Кендрик не смотрел на нее. Наступила долгая пауза. «О боже, — подумала она, — о боже, у него кто-то есть, он в кого-то влюблен и хочет на ней жениться». Она сама поразилась тому физически ощутимому, очень болезненному чувству внутреннего протеста, которое вызвала у нее одна эта мысль.
— Я не совсем представляю себе, — проговорил он наконец, — как мне отвечать на такой вопрос.
— Да или нет, Кендрик, — раздраженно и слегка повышенным голосом заявила Георгина. — Или у тебя кто-то есть, или нет. Это не тот вопрос, в котором можно испытывать неуверенность.
— Ну, я хочу сказать, что да, кто-то есть.
— Понимаю. — Ее голос стал совсем тихим.
— Есть девушка, которая мне очень нравится. Но, во всяком случае, я совершенно не думал о том, чтобы жениться. Или пока не видел необходимости об этом думать.
— Понимаю, — снова повторила она.
— Странный у нас разговор, — вдруг улыбнулся он. — Обсуждаем брак, словно какой-то контракт, как будто один из нас клиент, а другой…
— Брак и есть контракт, — немного сердито заметила Георгина.
— Глупости, Георгина. Да, конечно, это контракт, но ты же понимаешь, что я сейчас не об этом. Дело в том, что мы не должны вступать в брак только из-за того, что нам кажется, будто мы должны это сделать, или из-за того, что моя мама так считает, или даже из-за того, что у нас есть ребенок.
— Конечно нет, — согласилась Георгина.
— Нам надо очень о многом еще поговорить, — сказал он, — очень о многом. Мне нужно собраться с мыслями. И еще мне бы хотелось поближе узнать сына. Это возможно? Можем мы сходить с ним вместе на прогулку, еще куда-нибудь?
— Да. — Георгина вскочила, обрадовавшись, что этот трудный разговор хотя бы на время отложен. — Действительно, давай. Няне это не понравится, потому что он должен сейчас спать у себя в колыбельке. Но ведь это же не Нянин ребенок, верно?
— Боже мой, какая ересь! — делано удивился Кендрик. — Ну что ж, тогда пойдем заберем на время нашего малыша.

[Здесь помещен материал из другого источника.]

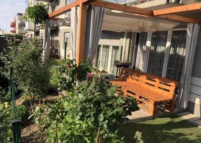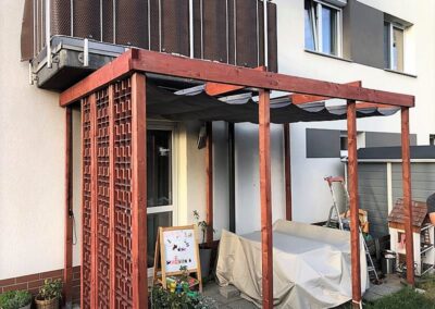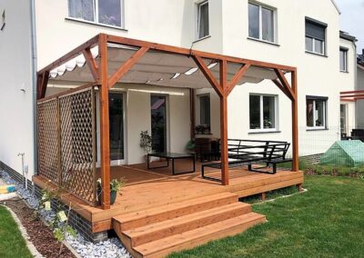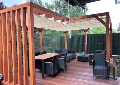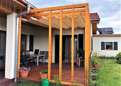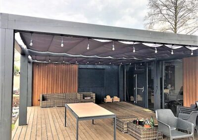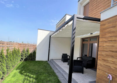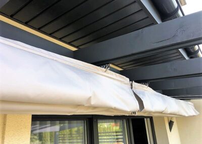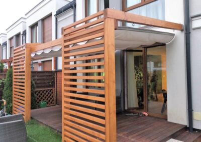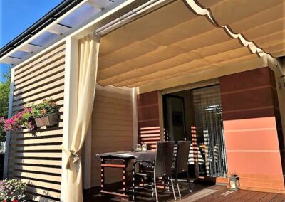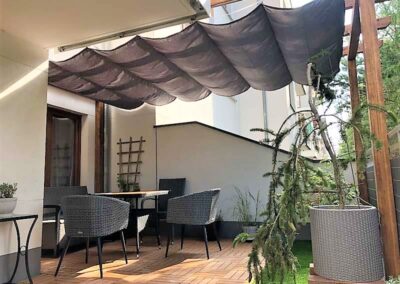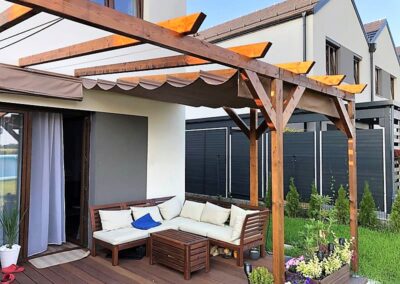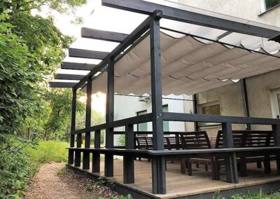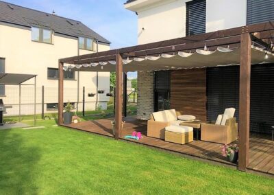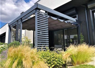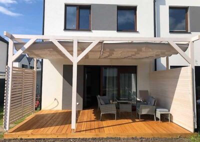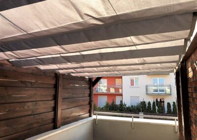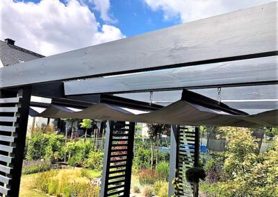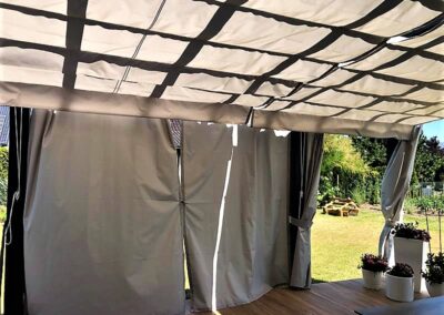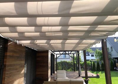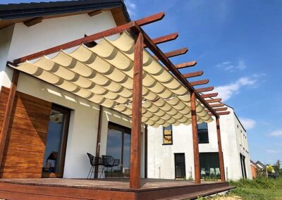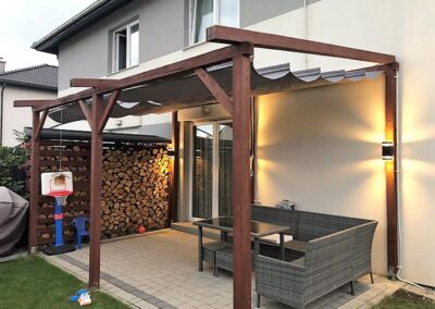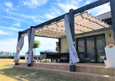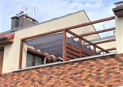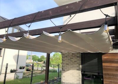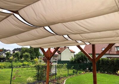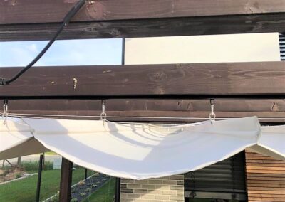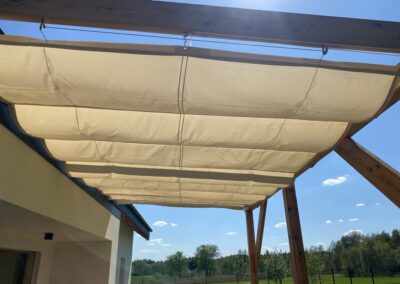 Zadaszenie tkaninowe do gotowych pergoli wykonane jako roleta rzymska pozioma.
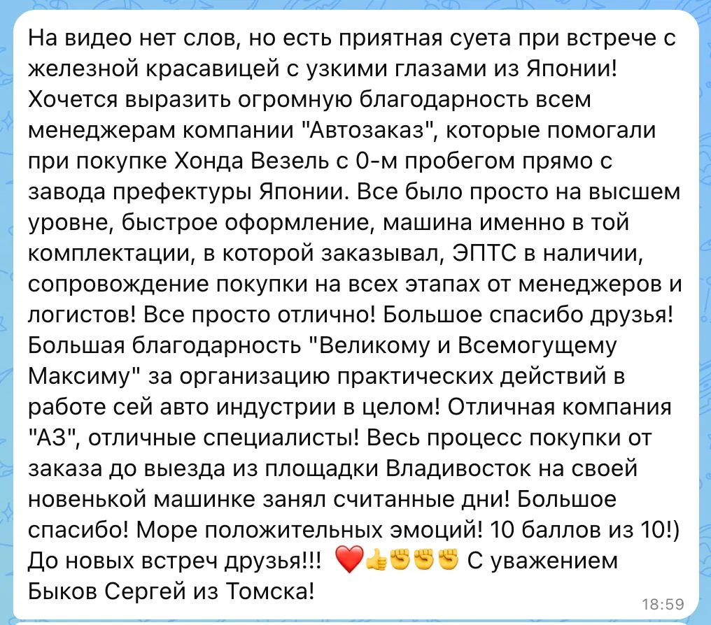 HONDA VEZEL - едет Алексею в город Каменск-Уральский!

На протяжении нескольких последующих дней они провели массу времени в обществе друг друга: гуляли, разговаривали, играли с Джорджем. Георгина, почти целый год убеждавшая себя в том, что Кендрик ей не нужен, что она не видит больше для него места в своей жизни, с каждым днем снова и снова влюблялась в него все глубже и глубже. Это сбивало ее с толку, она чувствовала, что здесь кроется для нее какая-то опасность, ее постоянно преследовала мысль о той другой девушке (о которой Кендрик больше ни разу не вспоминал), но сопротивляться этому Георгина не могла. Она понимала, что любила его слишком долго и сильно, знала слишком близко и хорошо, чтобы теперь относиться к нему бесстрастно, просто как к счастливому воспоминанию. Он был самой первой и самой большой любовью в ее жизни, он стал отцом ее ребенка, он был тем мужчиной, за которого она долгое время хотела и строила планы выйти замуж; и его невозможно было теперь легко и просто поместить на какую-то отведенную ему в душе полочку как обычное воспоминание, как часть прошлого, даже как друга, пусть и очень дорогого и близкого. «Как интересно, — думала Георгина, лежа без сна в одну из этих жарких ночей, — во мне снова пробуждается физическое влечение к Кендрику». Поначалу она не испытывала к нему ничего, кроме сиюминутных эмоций; да и в любом случае у нее давно уже совершенно отсутствовали какие-либо сексуальные желания; но теперь с каждым днем физическое влечение к нему становилось все сильнее, все острее и неодолимей. Она стала вспоминать с необычайной яркостью и отчетливостью, как чувствовала себя с ним в постели, с какой лаской и вниманием он к ней относился, как хорошо понимал ее, умел угадывать, чего ей хочется, и исполнял эти желания нежно, страстно и с безграничной любовью. От этих воспоминаний она почувствовала себя несчастной, у нее появилась раздражительность; заново возникшее желание становилось уже таким сильным, что причиняло ей физическое неудобство, а в присутствии Кендрика ей было трудно спокойно усидеть на месте.